Jackson played as a minor player on the champion Knicks of '70 and '73, although I'm not giving him credit because in '70 he was injured all year (but still received a ring) and in '73 he was a minor player and not a contributor on the level that we're talking about for this article. (I'm not interested in dividing up championships into "shares," but it's fair to say that most of these guys constitute a sine qua non, i.e. if they weren't or hadn't been involved their teams likely wouldn't have won. I don't think Jackson in '73 meets that criterion. I do think West in '72 does, which is why I'm counting that ring for him.)

Anyway, after the Knicks Jackson coached for a number of teams, notably the Bulls (from 1990-1998) and the Lakers (from 2000-2011, minus '05), making 13 Finals and winning 11 Championships in the process. It's worth noting, though, that 7 of those Finals and 5 of the Championships overlap with West (and in fact Jackson in a sense "firms up" the latter three Kobe/Gasol Finals and makes them unequivocally count for this list), so I'll note Phil's total and then those championships of Phil that I haven't otherwise attributed.

Final Total: 13 Finals, 6 unique; 11 Championships, 6 unique


Pat Riley.

Riley played for the Lakers in the '70s (although I'm not counting their Finals appearances in '72 or '73 for Riley for the same logic as Jackson's, and because they're already covered by West). Then he coached for the team as an assistant and then head coach from '80 to '90. Following that, he went to the Knicks from '92 to '95, then the Heat from '96 to '08 minus '04 and '05. In that time, and through to the present, he has served as an executive with the Heat as well.

Consequently, Riley gets credit for the '80s Lakers successes (which we're already attributing to West, but which constitute 8 Finals and five rings (n.b. Riley was gone by the Lakers' '91 Finals, and as a coach didn't have enough to do with that team to get credit, not that it matters)), as well as those of the Knicks (a Finals appearance in '94) and Heat (6 appearances and three titles since '06, including most recently an appearance and loss in '20).

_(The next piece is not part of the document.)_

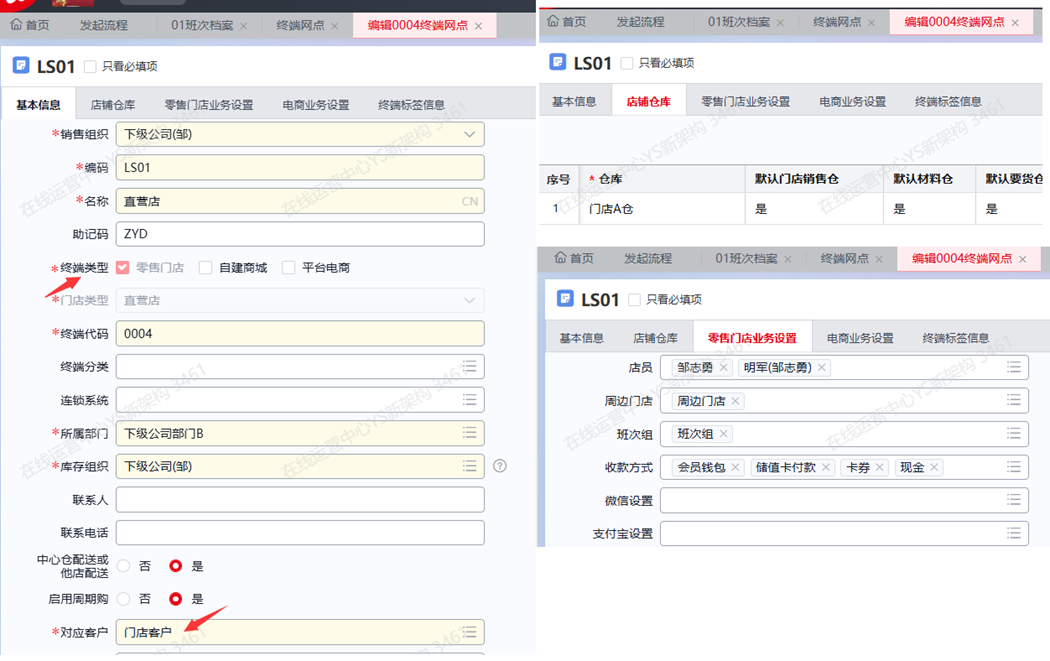 维护门店档案信息;选择对应终端类型,客户,店铺仓库和店员,班次,收款方式等内容。

Running Total: 15 Finals, 7 unique; 8 Championships, 3 unique


John Kundla.

Time to go way back in time. Kundla was the coach of the Lakers from 1948 to 1959, leading them to six Finals and five Championships (n.b. the Lakers also technically won the 1948 NBL championship under Kundla, but we're not counting it because it was technically a different league, and I'm certainly not bringing in the ABA either).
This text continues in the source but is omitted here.